Richard Prince’s “New Portraits” qualifies as a form of expression because the exhibition in its entirety works to express the artist’s desire to highlight American culture’s evolving conception of what a portrait is and to comment on what this evolution says about modern America.
Furthermore, it appears that Mr. Prince’s fair use defense against any claims Ms. Moss could allege concerning advertisements, trade, and merchandising would succeed in court. The advertisements using Ms. Moss’ likeness were directly related to the exhibition and were done so in order to raise awareness of the exhibition and to increase attendance at the museum so that an already protected work of artistic expression could be seen by more people.
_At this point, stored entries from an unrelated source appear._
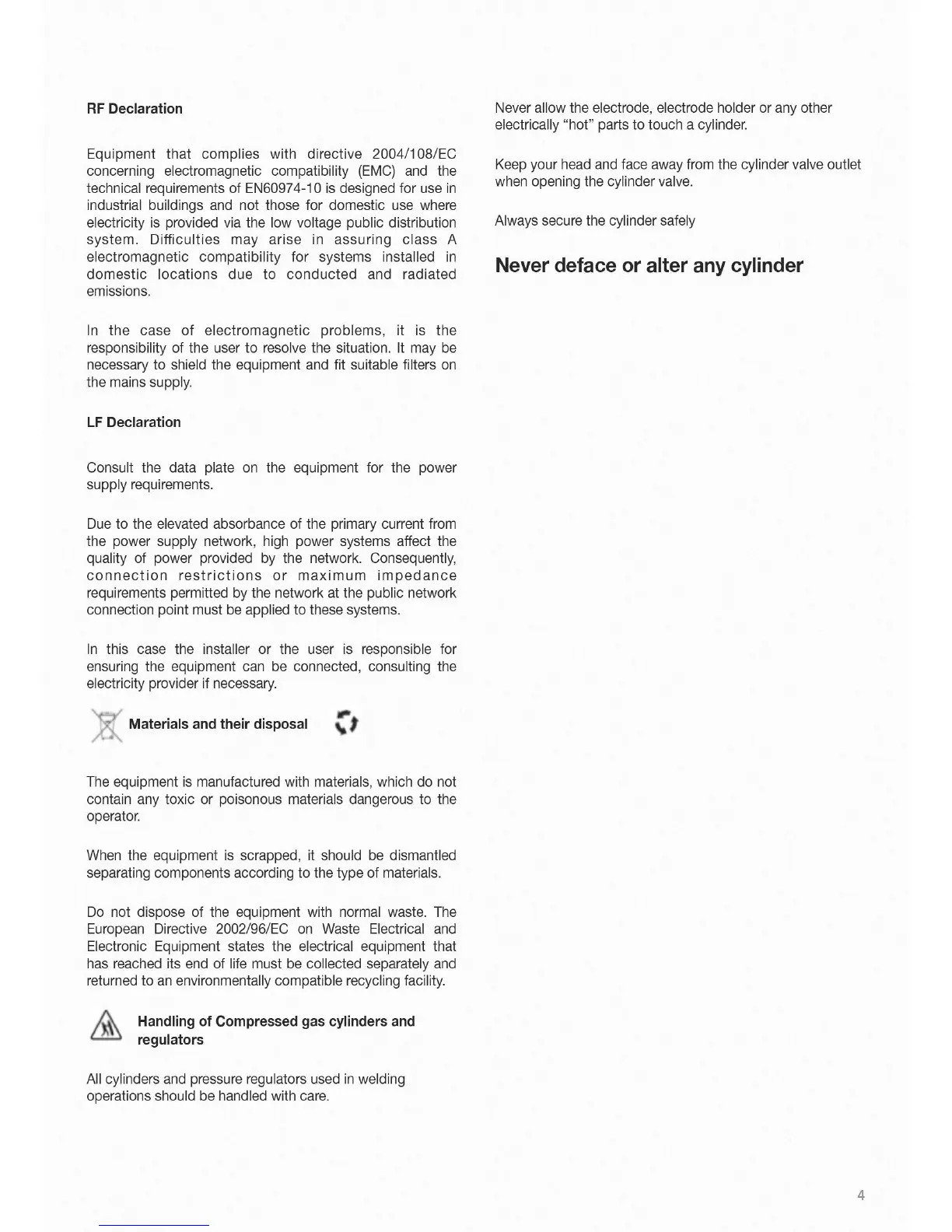 Jasic Arc 200 - Health, safety and environmental considerations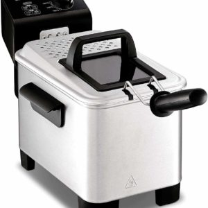 Fritteuse Easy Pro von Tefal. Die Friteuse ist ausgestattet mit einstellbarem Thermostat mit Temperaturanzeigelampe. Leicht zu reinigen dank des emaillierten Topfes. Bis auf das mechanische Bedienfeld kann alles in der Maschine gespült werden.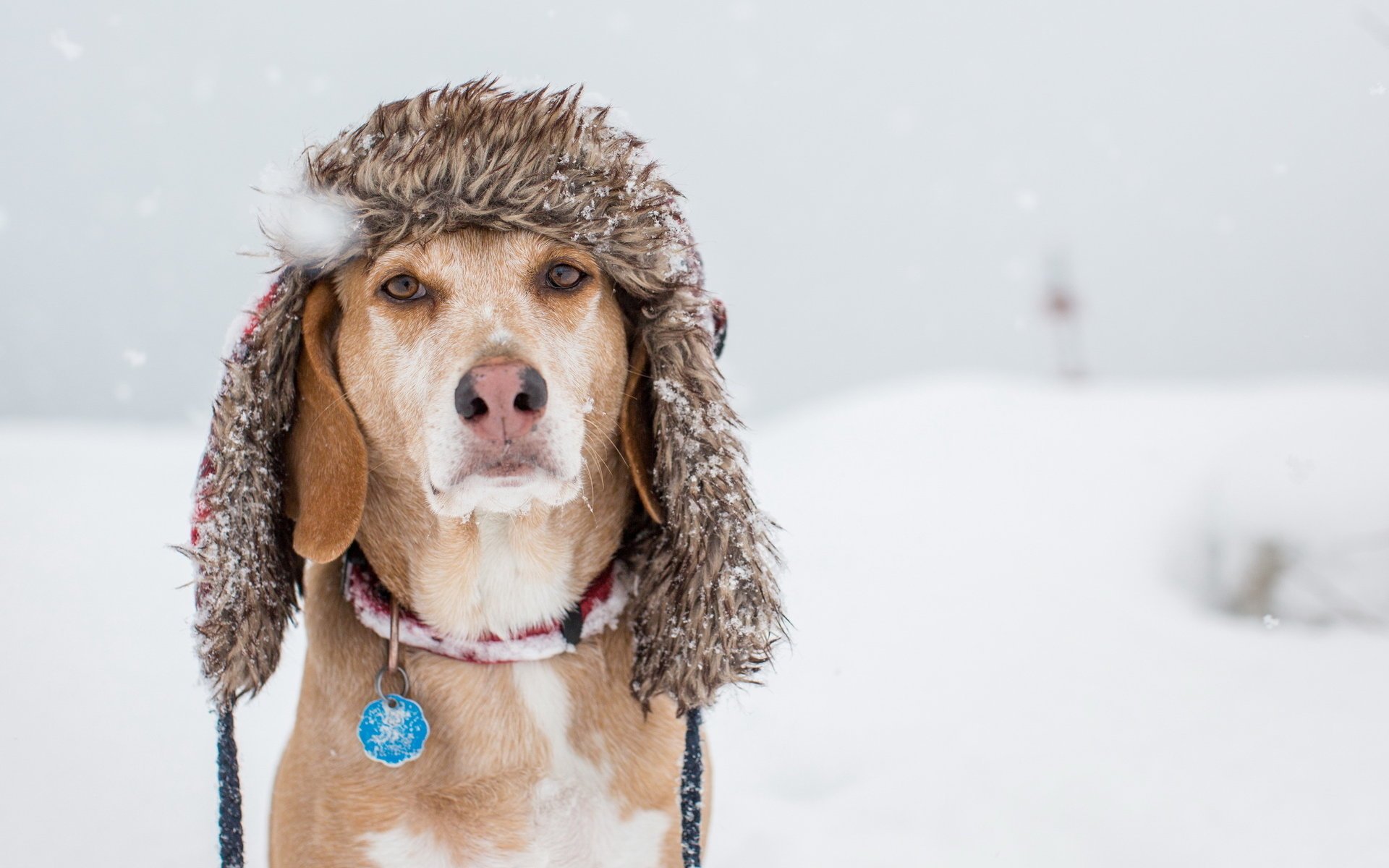 Le chien à poil court a décidé d'isoler sa tête avec un chapeauLe chien à poil court a décidé d'isoler sa tête avec un chapeau

It has been shown that in many cases, once an artistic expression is given protection of the First Amendment and thereby granted the “newsworthiness and public concern exemption” then to profit off of such artwork does not diminish the protection and exemption it possessed originally. Lastly, since the merchandise uses the artistic expression in its entirety, it will most likely be considered exempt from the right of privacy following the same train of thought used for advertisement and trade. Overall, Ms. Moss should not bring any claims against Richard Prince at this time.